Charles (Dan Stevens) is a writer suffering from writer's block five years after the death of his first wife. After attending a medium's performance that goes horribly array, he convinces her (Judi Dench) to come back to his summer estate with him and hold a séance by convincing her it will restore her fledgling reputation. In truth, Charles is hoping to mine her performance for ideas for his next book, but gets more than he or his wife Ruth (Isla Fisher) bargained for when she accidentally resurrects the spirit of Elvira (Leslie Mann), his first wife. She doesn't realize she's dead and then doesn't appreciate it -- nor the woman who has taken control of his life, either. Worse, only Charles can see her, rendering everyone around him incredulous at his increasingly erratic behavior. He keeps swearing at no one, making offhanded inappropriate remarks, and throwing little tantrums.

   

Even that is livable, but then Elvira decides she's tired of trying to get his attention and she intends to kill him instead. Not about to let a ghost horn in on her marriage, Ruth decides to take matters into her own hands and bring back the medium to fix the problems she caused -- but... well, things never turn out how we plan. Before long, Charles has even worse problems than writer's block.

   

This movie, based on a play, has a terrific cast and is highly colorful. Everything is beautiful and picturesque, from how Ruth waltzes around her lush home in lavish outfits, to the martinis she and her guests down at a soirée.

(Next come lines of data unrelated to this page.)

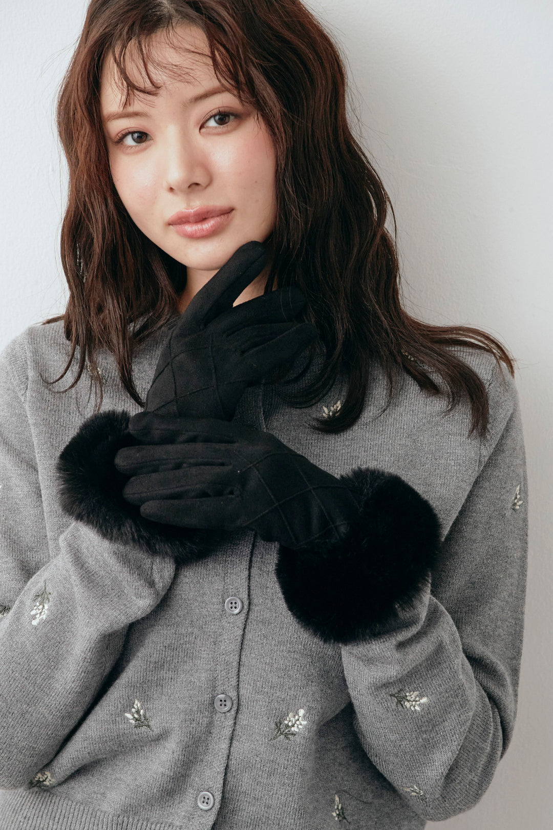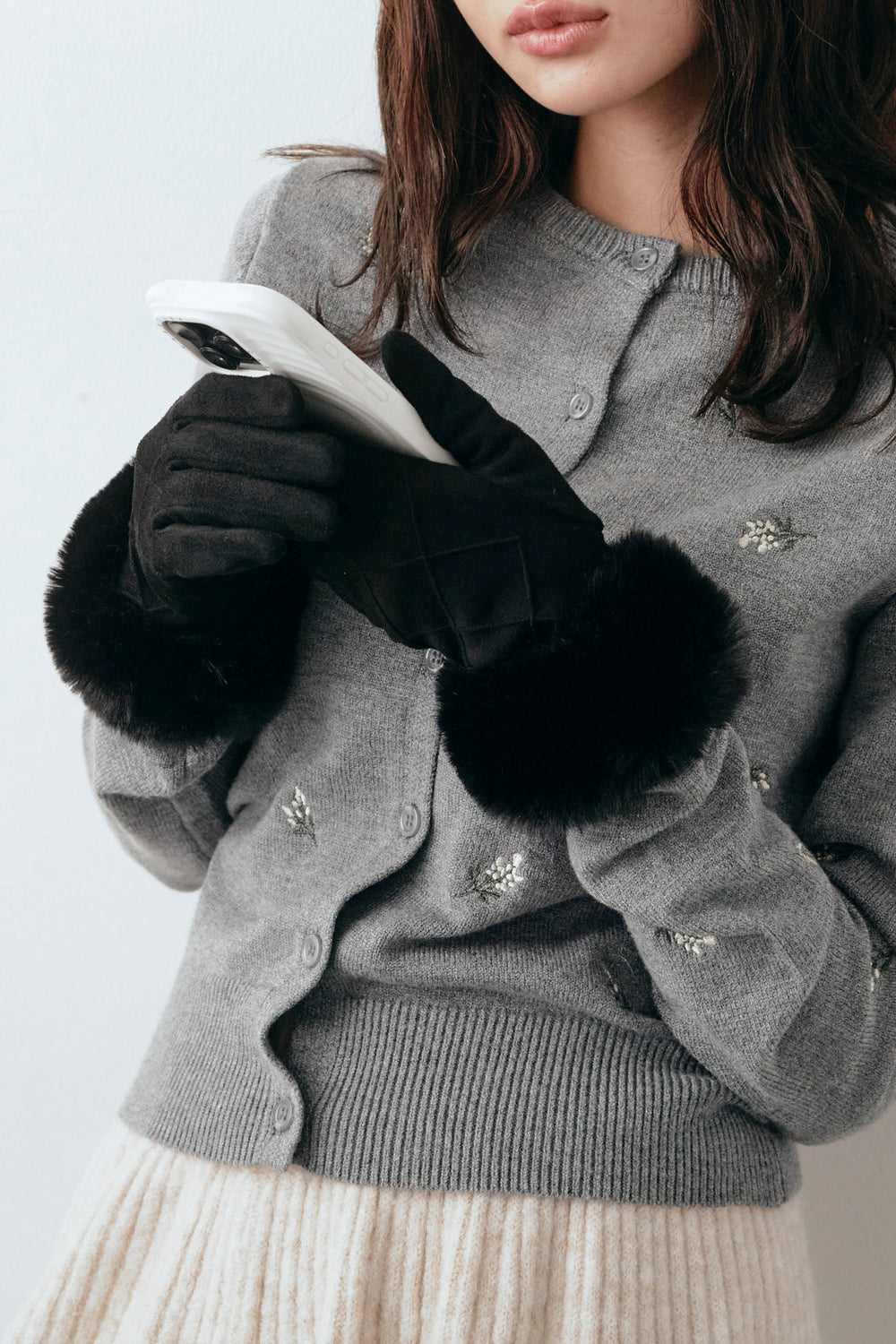 [予約]スウェードライクファー付きタッチグローブ
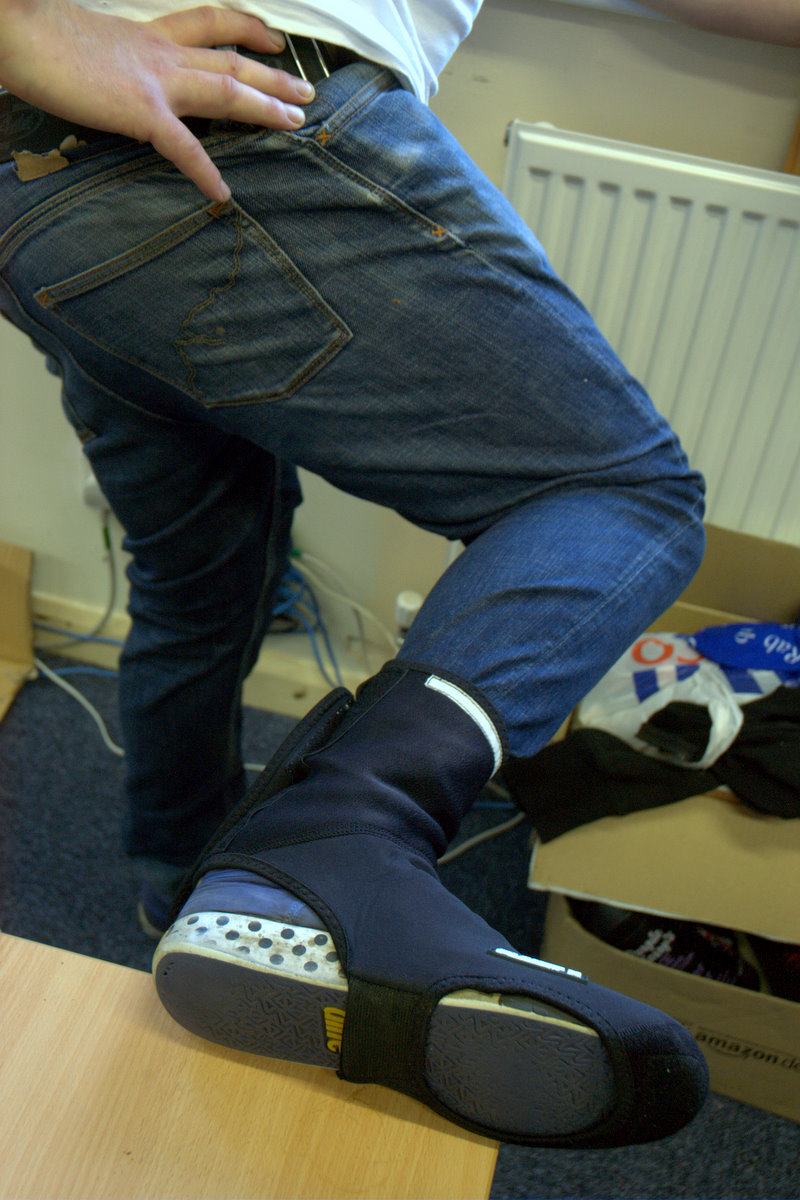 Bargaintastic warm things from Doncaster for our Matthew, who still insists that he’s not a roadie really (but doesn’t it go fast when you pedal it hard…?!). Neoprene overshoes:
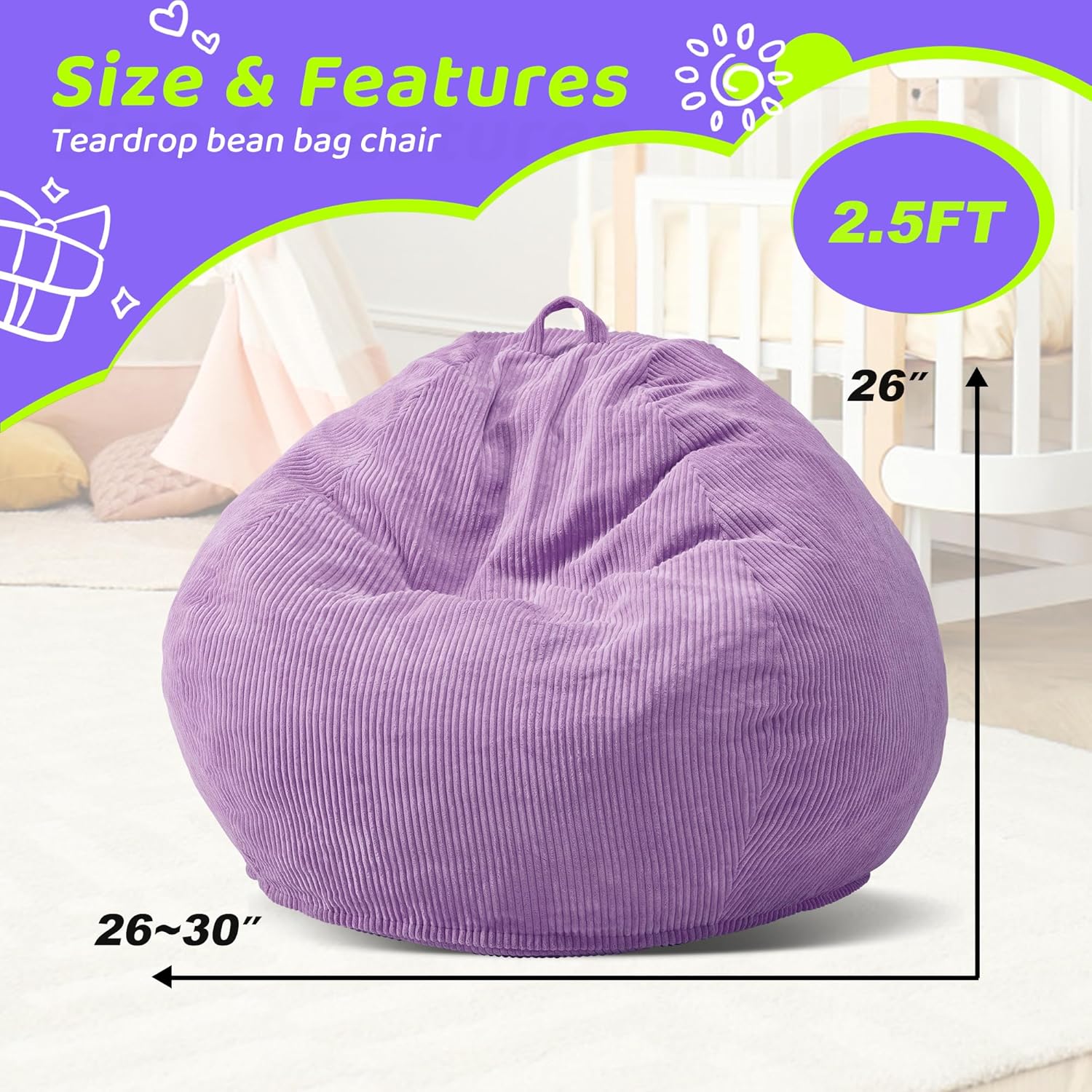 • COMFORTABLE & DURABLE FABRIC: Our bean bag chair is made of textured corduroy, which is skin-friendly. The cover can be machine washable so that you can clean it like new. The filled memory foam is high-density, which is easily rebound and make you feel relaxed once you lie down or sit on the chair.

It's pretty and full of talent and the writing is often quite clever... but it's hard to like any of the characters. Ruth doesn't really care about the integrity of her husband's work, she just wants him to make money so she can purchase pretty things. Elvira is highly entertaining, but also extremely immoral. And then there's Charles, a man who cheats on his second wife with the ghost of his first wife (we find out through some cringe-worthy dialogue that they had sex... however that works). A big twist near the end also reveals that Elvira has had her revenge and gotten the last laugh. As a black comedy, it's fun, but my increasing dislike for everyone means I'd never watch it again.

   

Sexual Content:
Ruth tells her husband he had better not cheat on her with a ghost; he scoffs at this, and later does exactly that -- the ghost and he apparently have sex next to Ruth's body, after Elvira drugs her drink (at the party, she becomes drunk, rowdy, takes off her clothes in front of people, and then tries to seduce her husband before she abruptly decides not to, and falls asleep). There's sexual references peppered throughout, some immodest clothing, etc.
 
Language:
A handful of profanities and a couple dozen abuses of God's name.
 
Violence:
Slapstick violence, and several car accidents where people are killed. Ghosts try to off living people by dropping furniture intended to kill them off balconies.

   

Other:
Lots of social drinking, drunkenness, being hung-over, etc.